Шукшин - Алексей Варламов
Шрифт:
Интервал:
Закладка:
Так решительно не срезали ни Тарковского, ни Аскольдова, ни Германа, ни Климова. И можно понять почему. Они были все-таки ближе, роднее. Из разинского сценария Шукшина на советскую интеллигенцию смотрел тот расшифрованный образ русского народа, которого она, эта интеллигенция, боялась, чуралась и который знать, признавать не хотела. Тут была черта, которую не перейти.
«Мои дела пока оставляют желать лучшего — заморозили с “Разиным”, — сообщал Шукшин брату Ивану Попову весной 1968 года. — Остановили — 1) историческая тема — сейчас лучше бы современность. 2) Дорого: 45 млн старых. 3) Слишком жесток Разин. Говорят, два года надо подождать. Пока суд да дело, сделаю сейчас современную картину, черт с ними, но борьба за “Разина” продолжается. Был тут “в верхах”, говорят, поможем. Будете делать. Буду, конечно!

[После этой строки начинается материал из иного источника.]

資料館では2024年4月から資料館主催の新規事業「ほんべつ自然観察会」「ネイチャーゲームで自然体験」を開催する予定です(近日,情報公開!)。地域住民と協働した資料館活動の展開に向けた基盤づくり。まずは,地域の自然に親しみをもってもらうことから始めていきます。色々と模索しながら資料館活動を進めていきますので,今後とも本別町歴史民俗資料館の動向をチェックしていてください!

Кстати, прочитай сценарий (№ 5, 6 “Искусство кино” за этот год). Опыт исторического писания — у меня первый, мне дорого твое мнение. Пишу помаленьку. Скоро выйдет книга (сборник) в “Совписе” — вышлю».
Сценарий этот впоследствии был назван лучшим сценарием года, известно также, что он был высоко оценен специалистами, учеными-историками, но, пожалуй, самое интригующее в этом сюжете — «верхи», которые должны Шукшину помочь. То, что у Василия Макаровича таковые связи были, что его поддерживали влиятельные силы, очень похоже на правду. Даром, что ли, в ноябре 1967 года, то есть именно тогда, когда Юткевич и компания дружно резали сценарий Разина, Шукшин получил орден Трудового Красного Знамени, а в декабре — Государственную премию имени братьев Васильевых за фильм «Ваш сын и брат», о чем писал закадычному другу Беловичу:
«Дали мне, ты знаешь, премию (РСФСР) — за “Ваш сын и брат”. Торжественное такое вручение! Куча красивейших дипломов, золотой знак на грудь… Банкет. С банкета я куда-то еще поехал (денег тоже много дали — 1200 р.), ночь… В общем, я все те дипломы потерял. Знак на груди остался. Жду последствий: найдутся где-нибудь дипломы, их переправят в Верх. Совет, а там мне скажут: “Вы так-то с Государственной премией обращаетесь? Вы член партии?”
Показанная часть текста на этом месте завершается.